Я вспоминаю рассказы о межаках. Рядом с мантуровским районом лежит район, пересекаемый речкой Межой, отсюда название - "межаки". Межаки не выговаривают букву "з", вместо нее они говорят "ж", и за это их мантуровские дразнят "жмея", "жаража". Мантуровские и межаки испокон веков враждуют между собой. Если мантуровский парень оказывается в Межевском районе на гулянке, его избивают до полусмерти. Если межаку требуется идти по мантуровским селам, он старается днем отсидеться у кого-нибудь из знакомых и идет ночью. Мантуровцы не выдают девушек замуж в Межу, Межа не отпускает своих в Мантурово. Встреча группы межаков с мантуровскими всегда кончается жестокой дракой, иногда со смертельными случаями. Мантуровские все, конечно, отважные и лихие парни, межаки, напротив, - трусы и гады, не выговаривают "з", ихние девки носят панталоны из мешков, жаражы…
Так что драка не могла не возникнуть, и это не конец: я вижу, как некоторые берут с собой поленья на нары, а Пашка Громов, шебутной и хулиганистый парень, точит большой складень о камушек.

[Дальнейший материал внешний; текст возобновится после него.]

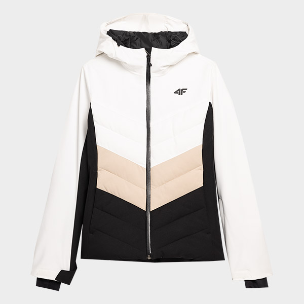 Jachetă de schi membrana 10 000 pentru femei. Are panourile matlasate au umplutura ușoară din poliester care susțin confortul termic. Ca stratul din mijloc am folosit membrana impermeabilă și respirabilă NeoDry 10 000 / 8 000 care garantează protecția optimă împotriva ploii sau zăpezii.
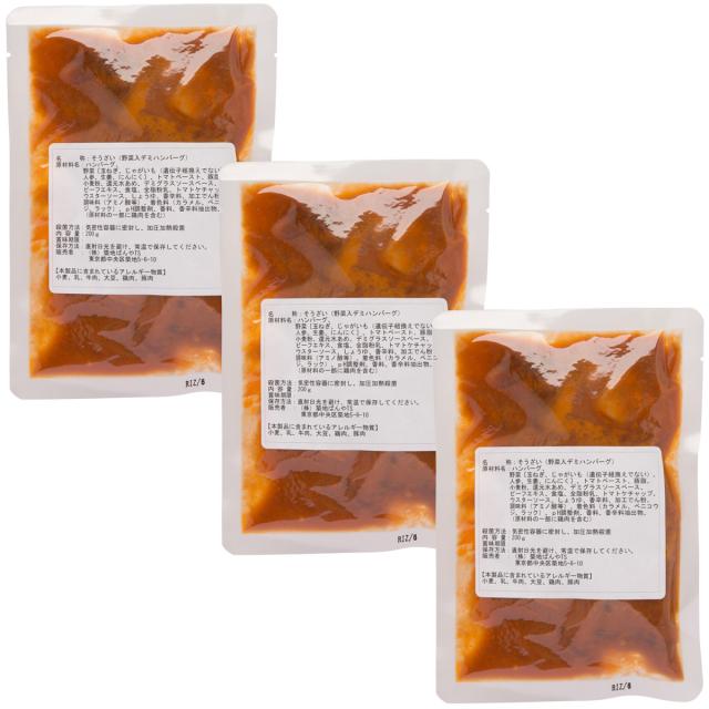 ハンバーグ 野菜入り デミグラスハンバーグ 3個 レトルト 惣菜 レンジ 湯煎 おかず 肉 洋食 お弁当 ポスト投函便

Я укладываюсь спать на свое место в углу. Под головой вещмешок, из щелей вагона дует, я поднимаю воротник бушлата и опускаю уши у шапки. Теперь тепло. Что там делают сейчас Мирра и мама? Наверно, спят. А может быть, мама не спит и думает обо мне. Интересно было бы рассказать им про сегодняшний день. Когда же поедем? Стоим уже, наверно, около восемнадцати часов. Неужели вокруг меня люди, с которыми мне придется быть вместе все время в армии? Не может быть. Хотя, впрочем?.. Ничего не известно. Спросить не у кого. Печка, наверно, остыла…

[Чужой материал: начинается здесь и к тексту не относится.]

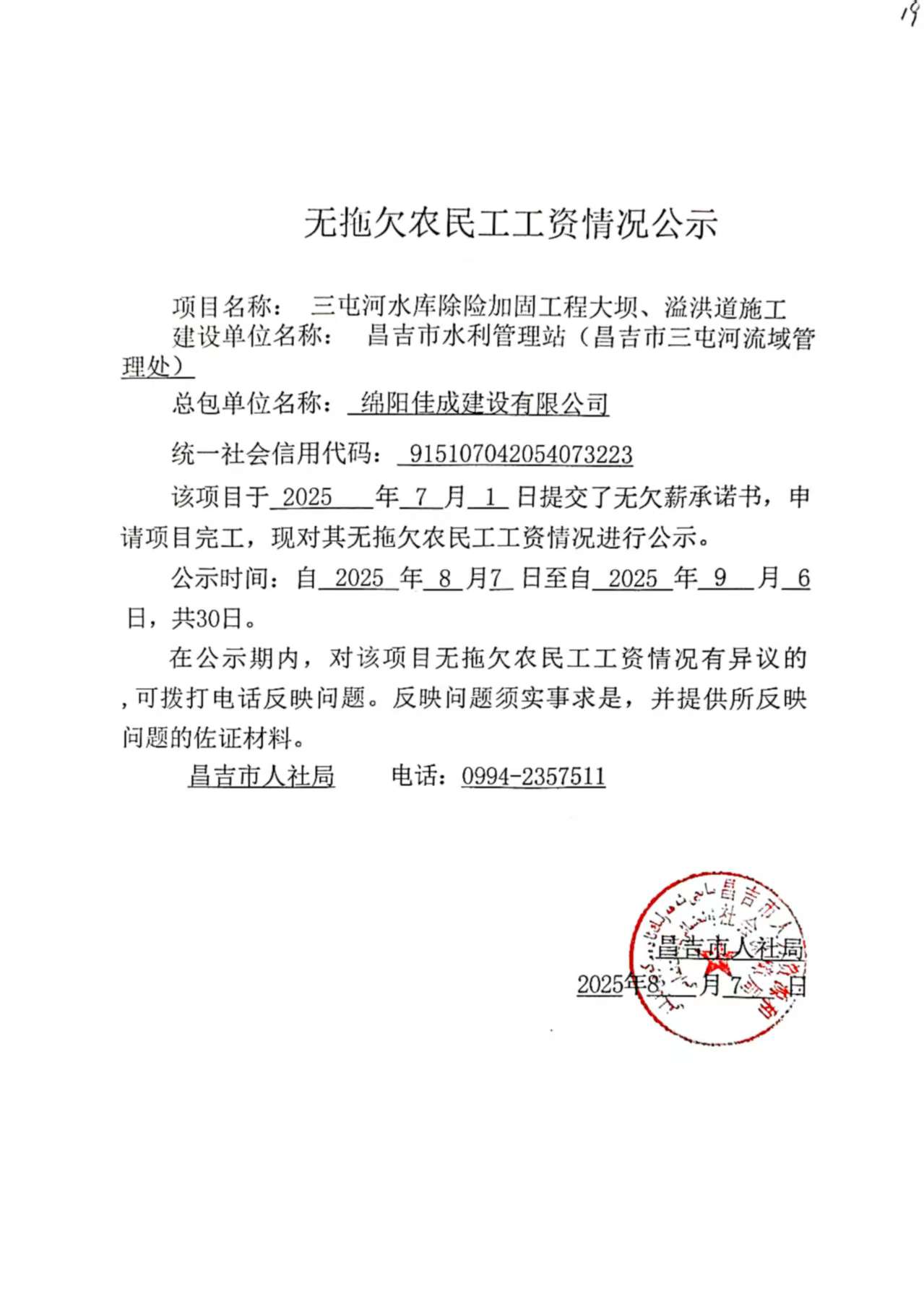 无拖欠农民工工资情况公示

Резкий стук в дверь вагона заставляет меня поднять голову.
- Мантуровские! - слышится снаружи чей-то высокий голос. - Не хотели замириться - всех ночью перережем!
Шарья
Равномерный стук под полом и качание вагона заставляют меня проснуться. Ого! Да мы едем!
Дверь растворили немного, и свежий ветер врывается в вагон. Мимо нашего громыхающего вагона плывут костромские леса, кое-где богатые, густые, кое-где чахлые; тянутся унылые ноябрьские поля - иногда под снегом, иногда бурые; пробегают деревни, все однообразно серые и бедные; мелькает будка стрелочника и сам он, с желтым флажком в руке; идут вдоль пути ремонтные рабочие, в основном женщины. И снова поля, покрытые снегом, и снова серые деревеньки и леса, машущие нам ветками…

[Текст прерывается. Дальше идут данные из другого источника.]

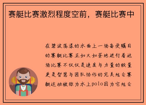在碧波荡漾的水面上,一场备受瞩目的赛艇比赛正如火如荼地进行着。这场比赛不仅仅是速度与力量的较量,更是智慧与团队协作的完美结合。赛艇运动被称为“水上polo”,因为它结合了划船技巧、策略制定和团队配合,...

В вагоне оживление, на короткой остановке кто-то принес ведро снега, и теперь его оттаивают на печке для чая. Снег шипит и тает, поверхность его быстро опускается в ведро, и скоро только треть ведра мутной воды напоминает о бывшей роскошной белой шапке.
Пашка Громов, Витька, самый длинный парень в вагоне, и Мишка Соколов, вчерашний рассказчик, - встают у дверей. Пашка поднимает щепку и бросает ее в проходящую тетку с мешком за плечами. Щепка попадает тетке по валенку, и раздается дружный хохот. Теперь уже все трое начинают кидаться щепой и поленьями в идущих мимо по насыпи, гогот, улюлюканье, свистки сопровождают каждое удачное попадание…
- Закрой дверь!
- Остудили вагон! - орут с нар.
Дверь задвигается. Начинается еда.
Свет падает из двух маленьких окошек, расположенных по обе стороны двери. Сидящие наверху освещены, сидящие внизу - в полутьме, печка бросает отсветы, телячий вагон трясется и громыхает, слышен гудок паровоза, шестьдесят парней грызут сухари, жуют сало, попивают кипяток из кружек.
- Скоро Шарья будет!
- На базар пойдем!
- На Шарье базар баский!
- Льни-ко кипяточку, паря!
- Эй, ты, в очках! Ты, чай, не угорский?
- Нет. Ленинградский.
Несколько голов поворачиваются ко мне.
- С самого Ленинграду?
- Да.
- Поди, в Ленинграде-то лаптей не носил?
- Нет. У меня ботинки были.
- Ишь ты! Ботинки! Все городские - дармоеды. Наш хлеб едят, а работать - ни-ни. Пущай колхозник работает.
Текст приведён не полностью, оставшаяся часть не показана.